(What this task involves): The reply should reproduce every line of the data below word for word, minus any images.

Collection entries
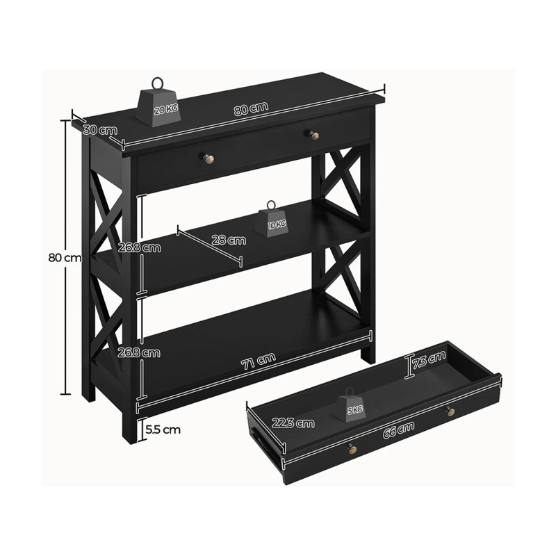 Úložný regál s robustní kovovou konstrukcí má dobrou stabilitu. Každý oddíl má nosnost 150 kg. 5 polic vyrobených z MDF panelů, které ladí s kovovou konstrukcí.
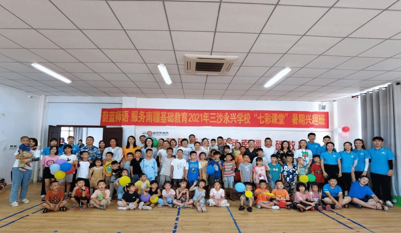 蔚蓝师语,服务南疆基础教育”志愿服务实践团队(以下简称“蔚蓝师语”)是琼台师范学院着力打造的优秀志愿服务品牌,旨在满足永兴岛上驻岛军民子女的托管服务和提升综合素质需求。项目自2018 年组建至今已顺利开办 4 期,4 年来,蔚蓝师语支教团队共计派出 40 余名志愿者和 10 名指导教师,围绕“赓续红色基因、扎根绿色大地、驻守蓝色海洋”三个主题,开设有舞蹈、美术、朗诵、手工、绘画、音乐等多种特色艺术课程,累计服务 290 余人次。学生们的年龄跨度从 3 岁到 13 岁不等,教学对象来源多元化,支教团队以理想信念教育养成和课外兴趣培养为主实施混龄教育,以润物细无声的方式寓教于乐。
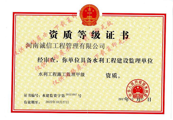 水利工程施工監(jiān)理甲級
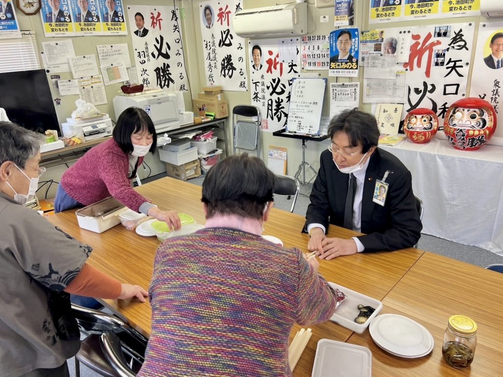 ホーム池田町町長選の矢口みのる候補の選挙事務所です 池田町町長選の矢口みのる候補の選挙事務所です活動報告 明日、投開票になるため、激励にお伺いしました。色んな差し入れも頂き、家族的で温かい事務所ですね。 あと数時間です、激戦ですが頑張りましょう‼️
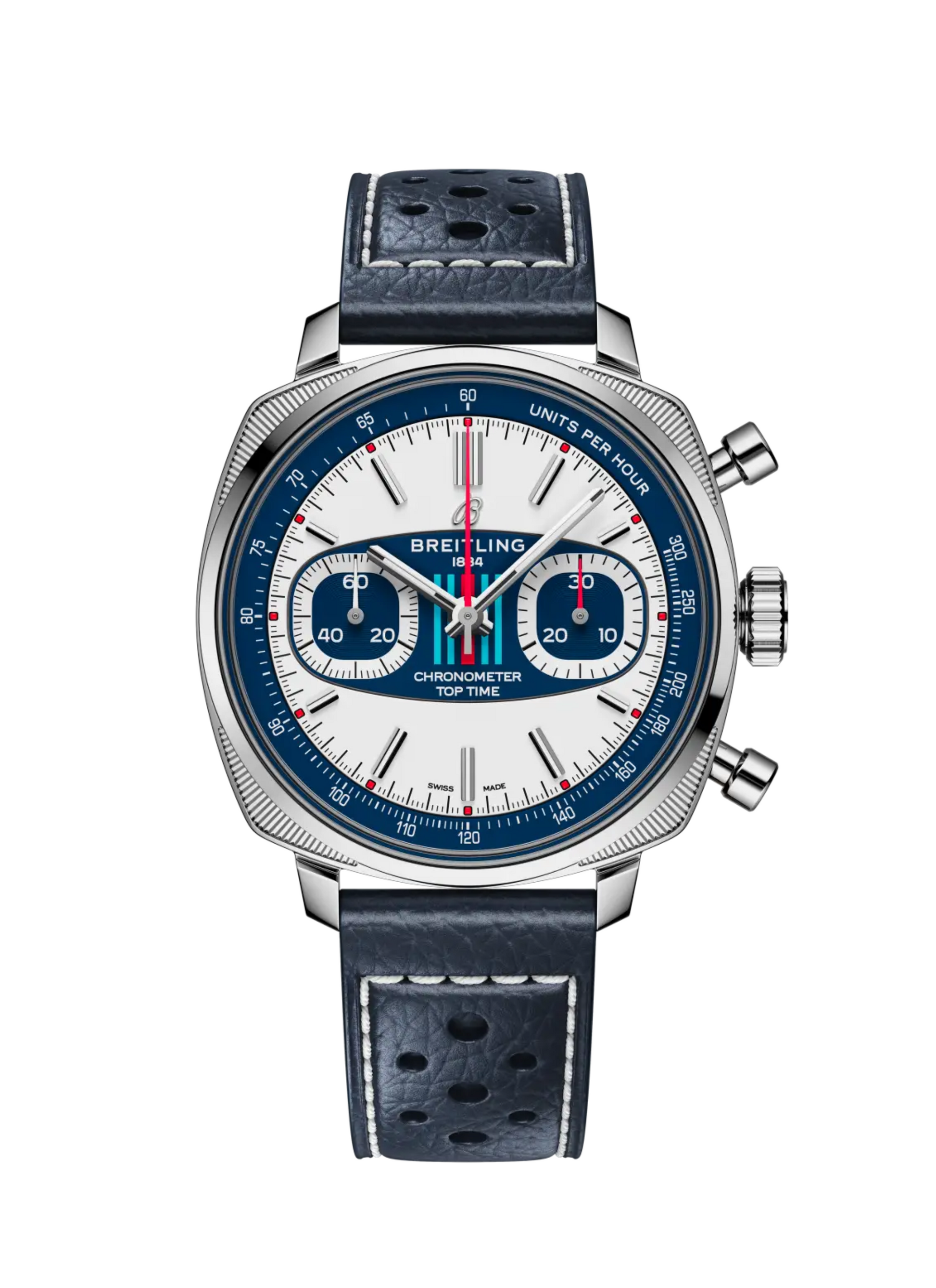 La gama poco convencional de cronógrafos de Willy Breitling, que se presentó en los transformadores años 60, está inspirada en las carreras y transmite el espíritu libre de aquella época. Hoy, la nueva colección Top Time canaliza esa energía llena de adrenalina combinando un diseño retro moderno con un rendimiento de vanguardia. El Top Time Racing deriva de algunos de los diseños más llamativos de Top Time de los años 60. La caja con forma de cojín, la atrevida escala taquimétrica y las distintivas subesferas en forma de círculo-cuadrado evocan las altas velocidades y las decisiones relámpago de un circuito de carreras.

(Result below):
 Úložný regál s robustní kovovou konstrukcí má dobrou stabilitu. Každý oddíl má nosnost 150 kg. 5 polic vyrobených z MDF panelů, které ladí s kovovou konstrukcí.
 蔚蓝师语,服务南疆基础教育”志愿服务实践团队(以下简称“蔚蓝师语”)是琼台师范学院着力打造的优秀志愿服务品牌,旨在满足永兴岛上驻岛军民子女的托管服务和提升综合素质需求。项目自2018 年组建至今已顺利开办 4 期,4 年来,蔚蓝师语支教团队共计派出 40 余名志愿者和 10 名指导教师,围绕“赓续红色基因、扎根绿色大地、驻守蓝色海洋”三个主题,开设有舞蹈、美术、朗诵、手工、绘画、音乐等多种特色艺术课程,累计服务 290 余人次。学生们的年龄跨度从 3 岁到 13 岁不等,教学对象来源多元化,支教团队以理想信念教育养成和课外兴趣培养为主实施混龄教育,以润物细无声的方式寓教于乐。
 水利工程施工監(jiān)理甲級
 ホーム池田町町長選の矢口みのる候補の選挙事務所です 池田町町長選の矢口みのる候補の選挙事務所です活動報告 明日、投開票になるため、激励にお伺いしました。色んな差し入れも頂き、家族的で温かい事務所ですね。 あと数時間です、激戦ですが頑張りましょう‼️
 La gama poco convencional de cronógrafos de Willy Breitling, que se presentó en los transformadores años 60, está inspirada en las carreras y transmite el espíritu libre de aquella época. Hoy, la nueva colección Top Time canaliza esa energía llena de adrenalina combinando un diseño retro moderno con un rendimiento de vanguardia. El Top Time Racing deriva de algunos de los diseños más llamativos de Top Time de los años 60. La caja con forma de cojín, la atrevida escala taquimétrica y las distintivas subesferas en forma de círculo-cuadrado evocan las altas velocidades y las decisiones relámpago de un circuito de carreras.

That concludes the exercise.